START Information supplied

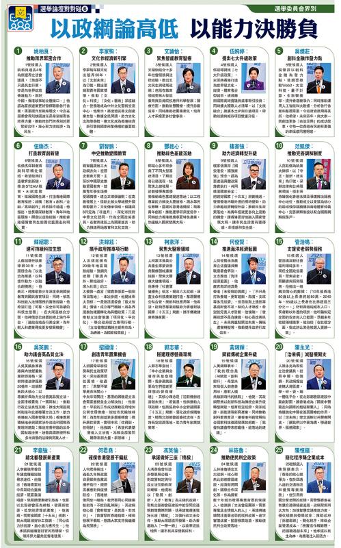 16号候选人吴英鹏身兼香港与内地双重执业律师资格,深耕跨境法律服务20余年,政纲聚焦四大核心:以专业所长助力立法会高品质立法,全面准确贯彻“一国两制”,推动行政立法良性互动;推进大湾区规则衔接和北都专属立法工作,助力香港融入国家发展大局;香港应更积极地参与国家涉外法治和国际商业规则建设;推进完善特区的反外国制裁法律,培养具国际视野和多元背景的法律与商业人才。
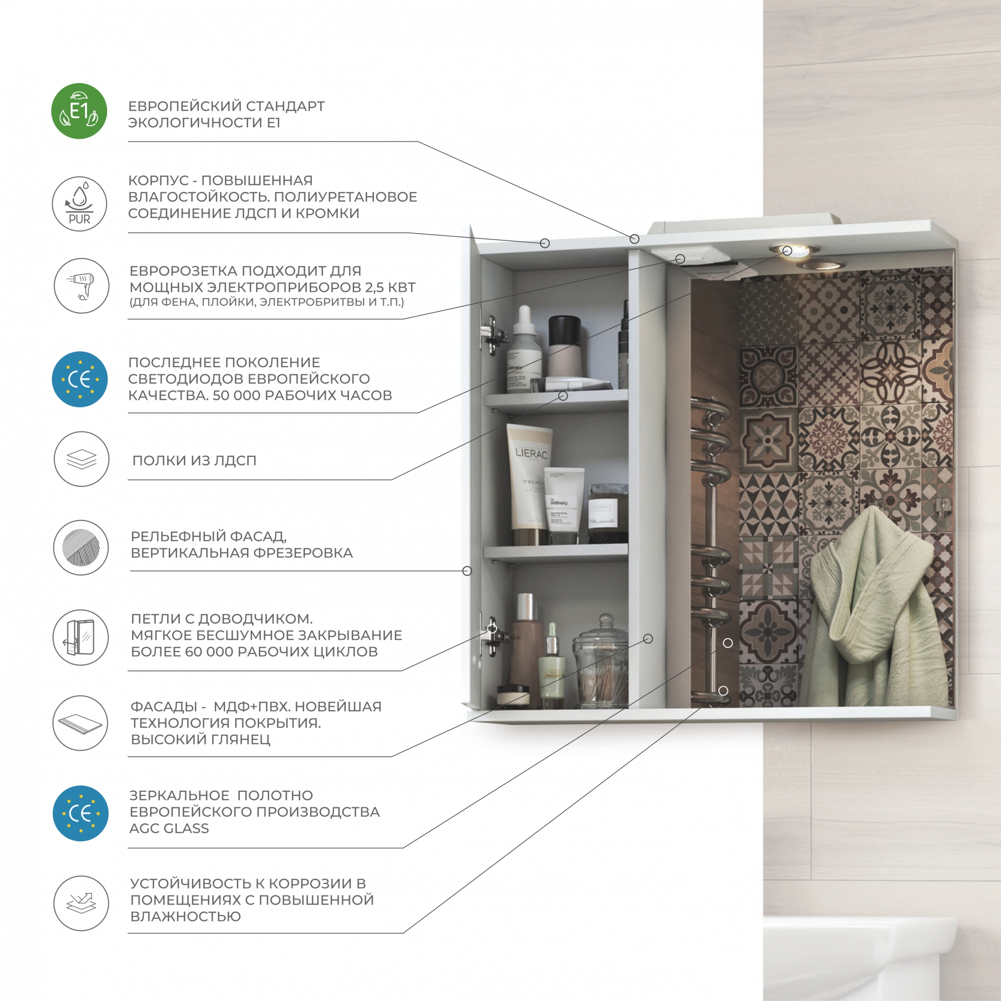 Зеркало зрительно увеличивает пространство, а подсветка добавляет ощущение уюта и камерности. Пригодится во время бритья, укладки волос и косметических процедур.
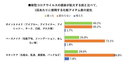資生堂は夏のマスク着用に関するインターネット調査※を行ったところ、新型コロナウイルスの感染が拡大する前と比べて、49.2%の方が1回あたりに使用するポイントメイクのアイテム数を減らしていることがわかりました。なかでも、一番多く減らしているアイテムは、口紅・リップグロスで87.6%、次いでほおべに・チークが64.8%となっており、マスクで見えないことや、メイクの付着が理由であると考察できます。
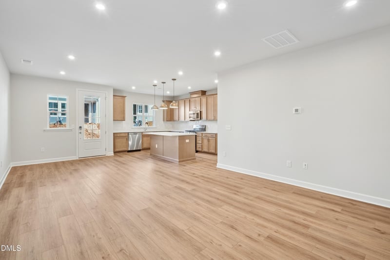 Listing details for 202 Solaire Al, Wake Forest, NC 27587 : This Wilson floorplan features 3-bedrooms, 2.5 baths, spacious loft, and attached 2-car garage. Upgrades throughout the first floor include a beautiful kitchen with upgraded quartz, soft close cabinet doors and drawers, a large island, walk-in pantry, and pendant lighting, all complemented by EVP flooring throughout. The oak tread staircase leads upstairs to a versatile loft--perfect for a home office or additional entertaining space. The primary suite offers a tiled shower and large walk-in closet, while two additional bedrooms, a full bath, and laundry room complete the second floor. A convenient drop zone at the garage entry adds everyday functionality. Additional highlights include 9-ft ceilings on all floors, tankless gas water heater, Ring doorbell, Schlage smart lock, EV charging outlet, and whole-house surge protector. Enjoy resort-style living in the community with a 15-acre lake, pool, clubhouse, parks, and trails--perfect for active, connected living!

END Information supplied

• [Instructions to follow]: Restate every line above word for word. Do not carry over the images.

• [Response to this task]:
 16号候选人吴英鹏身兼香港与内地双重执业律师资格,深耕跨境法律服务20余年,政纲聚焦四大核心:以专业所长助力立法会高品质立法,全面准确贯彻“一国两制”,推动行政立法良性互动;推进大湾区规则衔接和北都专属立法工作,助力香港融入国家发展大局;香港应更积极地参与国家涉外法治和国际商业规则建设;推进完善特区的反外国制裁法律,培养具国际视野和多元背景的法律与商业人才。
 Зеркало зрительно увеличивает пространство, а подсветка добавляет ощущение уюта и камерности. Пригодится во время бритья, укладки волос и косметических процедур.
資生堂は夏のマスク着用に関するインターネット調査※を行ったところ、新型コロナウイルスの感染が拡大する前と比べて、49.2%の方が1回あたりに使用するポイントメイクのアイテム数を減らしていることがわかりました。なかでも、一番多く減らしているアイテムは、口紅・リップグロスで87.6%、次いでほおべに・チークが64.8%となっており、マスクで見えないことや、メイクの付着が理由であると考察できます。
 Listing details for 202 Solaire Al, Wake Forest, NC 27587 : This Wilson floorplan features 3-bedrooms, 2.5 baths, spacious loft, and attached 2-car garage. Upgrades throughout the first floor include a beautiful kitchen with upgraded quartz, soft close cabinet doors and drawers, a large island, walk-in pantry, and pendant lighting, all complemented by EVP flooring throughout. The oak tread staircase leads upstairs to a versatile loft--perfect for a home office or additional entertaining space. The primary suite offers a tiled shower and large walk-in closet, while two additional bedrooms, a full bath, and laundry room complete the second floor. A convenient drop zone at the garage entry adds everyday functionality. Additional highlights include 9-ft ceilings on all floors, tankless gas water heater, Ring doorbell, Schlage smart lock, EV charging outlet, and whole-house surge protector. Enjoy resort-style living in the community with a 15-acre lake, pool, clubhouse, parks, and trails--perfect for active, connected living!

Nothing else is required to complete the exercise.